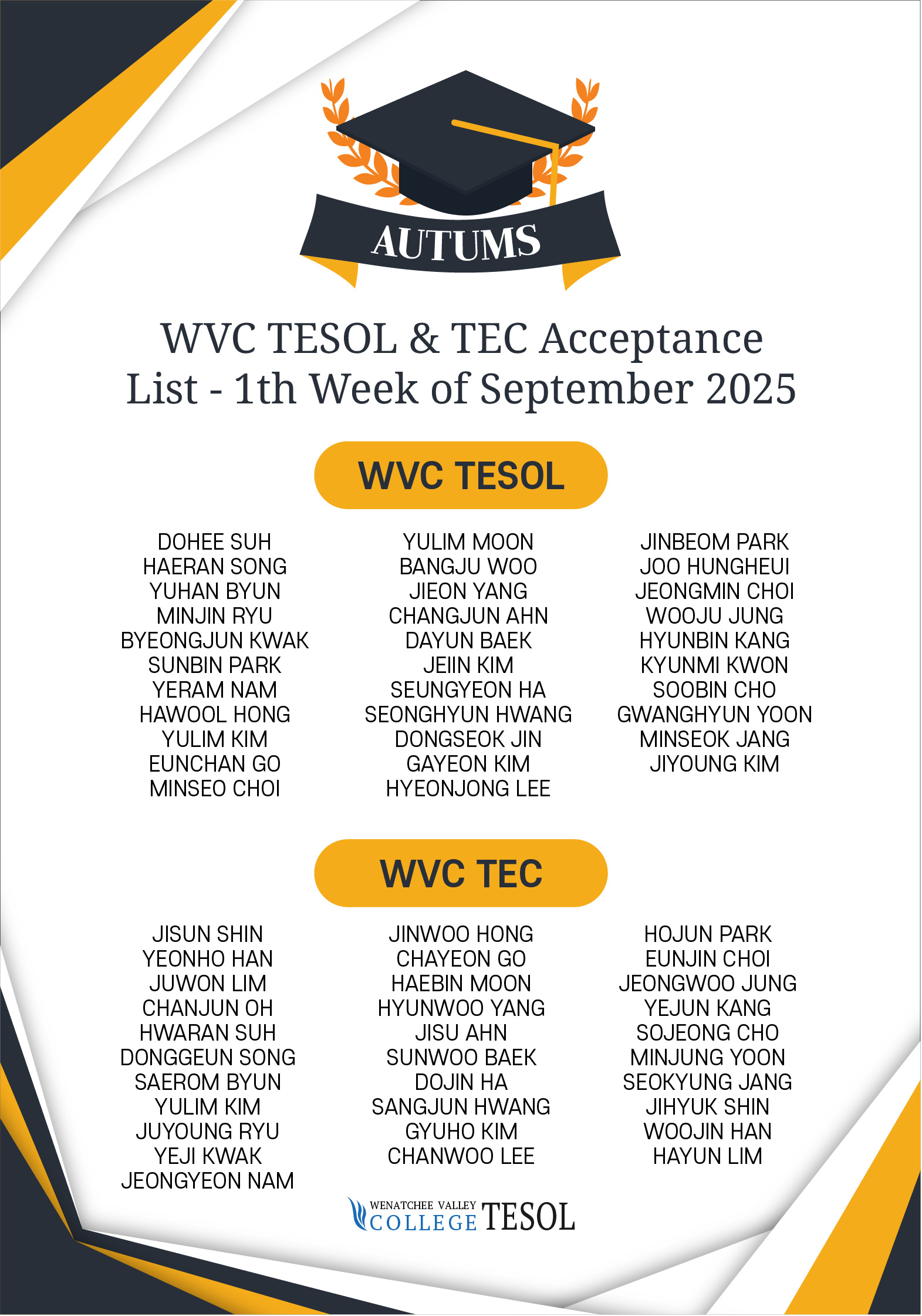 [합격생 리스트] 2025년 9월 1주 WVC TESOL & TEC |
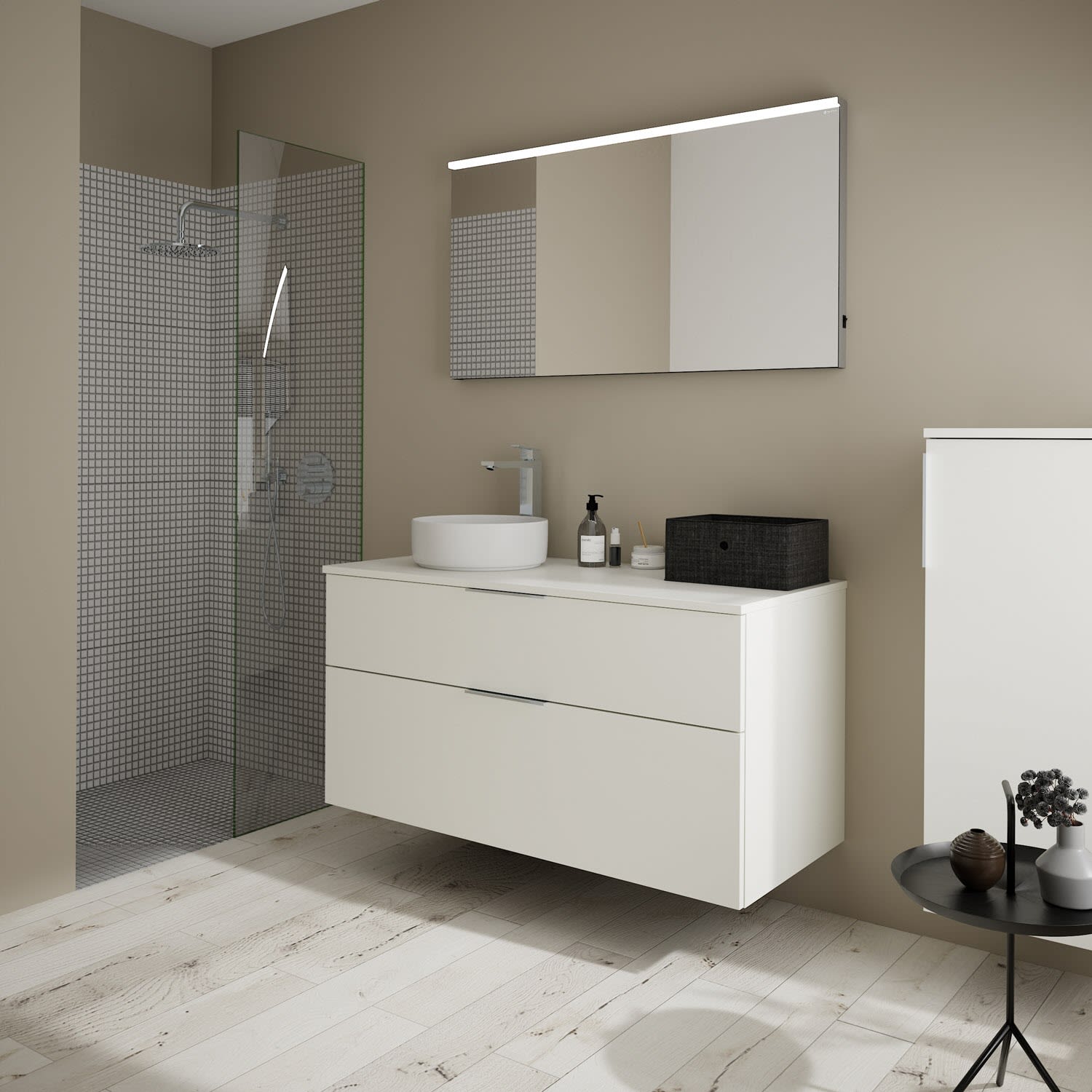 burgbad Eqio Waschtischunterschrank mit Konsolenplatte 120 cm, links, mit Griff G0146
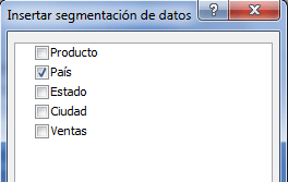Excel mostrará el cuadro de diálogo Insertar segmentación de datos.
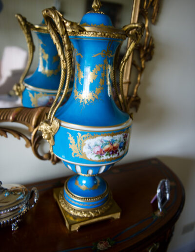 P030A – PAIR OF ORMOLU-MOUNTED SEVRES STYLE TURQUOISE-GROUND VAS
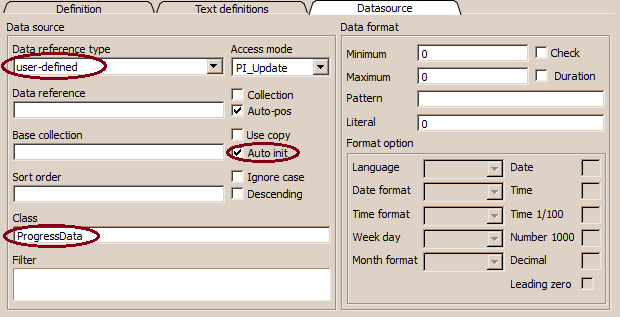 In order to use a progress bar with variable borders and/or variable text to be displayed for the progress bar, a ProgressData instance has to be defined as data source:
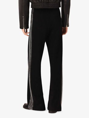 Flared pants, Checked, Twill, Faux patent-leather trims, Detachable belt, Two side slant pockets, Belt loops, Mid-rise cut, Concealed hook, button and zip fastening at front, Mid-weight.
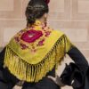 El flecado de nuestros mantones se realiza con gran destreza de forma artesanal. Además, este mantón de flamenca está bordado en varios colores, lo que le proporciona infinitas posibilidades de combinación.

------------------------------------------------

Begin with the line that contains "P030A – PAIR" and repeat every line through the end of the data, exactly and only those lines, leaving out the pictures.

 P030A – PAIR OF ORMOLU-MOUNTED SEVRES STYLE TURQUOISE-GROUND VAS
 In order to use a progress bar with variable borders and/or variable text to be displayed for the progress bar, a ProgressData instance has to be defined as data source:
 Flared pants, Checked, Twill, Faux patent-leather trims, Detachable belt, Two side slant pockets, Belt loops, Mid-rise cut, Concealed hook, button and zip fastening at front, Mid-weight.
 El flecado de nuestros mantones se realiza con gran destreza de forma artesanal. Además, este mantón de flamenca está bordado en varios colores, lo que le proporciona infinitas posibilidades de combinación.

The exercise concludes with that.